Analytical Modeling of Beyond Visual Range Air Combat

Darin Corman, darinlcorman@hotmail.com (A project report written under the guidance of Prof. Raj Jain) DownloadPDF

Abstract

The paper reviews fundamental beyond-visual-range air-combat analytical models and enhances these models. In particular, the fundamental models reviewed are sequential missile exchanges. A one-versus-one model is developed to handle the case when both sides are destroyed in a single exchange. The paper than develops an analytical model that takes into account engagement geometry, detection range, aircraft speed, missile speed, and missile seeker type for a single missile exchange. This type of model can be used to predict the order of missile exchanges.
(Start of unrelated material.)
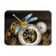 Cadran d'antiquités avec or et lances en laiton, décoré de libellules mécaniques sur arrière - plan brun rayé. Steampunk.

Keywords: Air Combat, Beyond Visual Range, Analytical Modeling

Table of Contents

1. Introduction
2. Fundamental Analytical Models
    2.1 Undefended Target - One-Sided Engagements
    2.2 One Versus One Sequential Engagements
    2.3 Many Versus Many One-Sided Engagements
3. Extentions To Fundamental Analytical Models
    3.1 One Versus One Sequential Engagement - Mutual Kills
    3.2 Including Engagement Geometry, Detection, Speed, And Different Weapon Technologies
4. Conclusion
5. Acronyms
6. References

1. Introduction

There is an extensive history of applying mathematics to military science. During World War II the profession operations research was created to use mathematics to address military problems. During the same time period, warfare was changing rapidly due to new technology such as aircraft. A new branch of the United States Military was founded, the Air Force, to best exploit this new domain of warfare. Since its inception, the Air Force has relied on science and mathematics to determine investments in technology and form its doctrine. The quintessential model of combat was developed by Lanchester while contemplating the impact aircraft would have on warfare (1). During the cold war simple analytical models were developed and used to understand air-to-air combat in the jet-age. The Rand Corporation played a key role in the development of these models.
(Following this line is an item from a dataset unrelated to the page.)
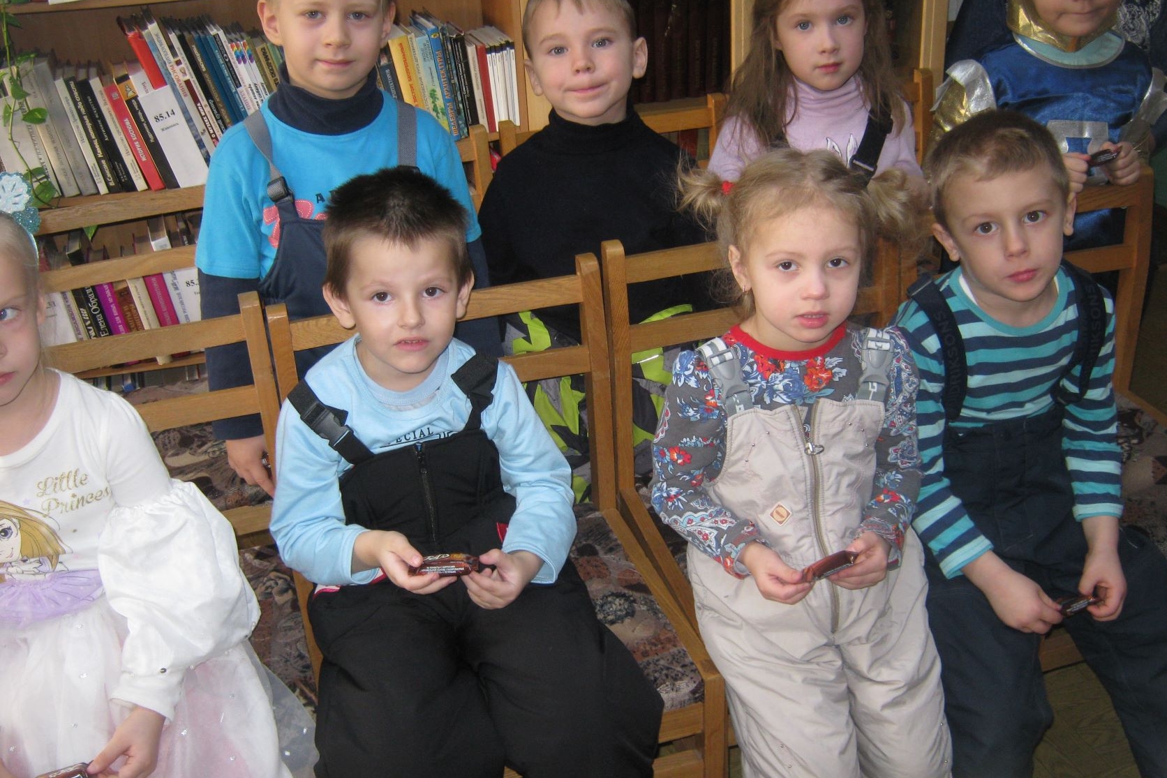 Праздничная программа «Новогодняя елка зажигает огни» активно работала в библиотеке № 15. Первыми гостями новогоднего праздника, стали ребята МДОУ Д/С №162, старшая группа. Малыши пришли не просто послушать о традиции праздника, встречать Новый год с елочкой, Дедом Морозом и Снегурочкой, но принесли подарки, сделанные своими руками. Это были елочки, снеговики, рисунки, уж очень хотелось детям рассказать и показать, какие они старательные, добрые, умелые. Затем дети приняли участие в мини-спектакле о Белой Снежинке и храбром рыцаре Львиное сердце, пели новогодние песни, читали стихи, отгадывали загадки.

Today, simulation is the main tool used to study complex military problems. Performance analysis of various military systems and systems-of-systems is often the subject. There are many reasons for the predominance of simulation in the study of the performance of military systems. The reasons are not unique to the study of military systems, for example Dr Jain's book on computer systems performance analysis outlines the strengths of computer simulation (2). Among them are moderate fidelity, moderate abstraction, and the ability to study systems that do not yet exist. All of these reasons make it more saleable to decision makers. Nevertheless, simulation can be a time intensive and still requires verification from other methods such as measurement, analytical models, or expert opinion. Analytical models, while lacking detail, are simple and fast. They are useful as screening tools and understanding more complex simulations. They can also be used in large computer simulations when fast run times are necessary or when a simulation requires modeling a phenomenon but it is not the subject of the study. In order to be accepted by decision makers, the assumptions that are made in analytical models must not impair the purpose of the analysis.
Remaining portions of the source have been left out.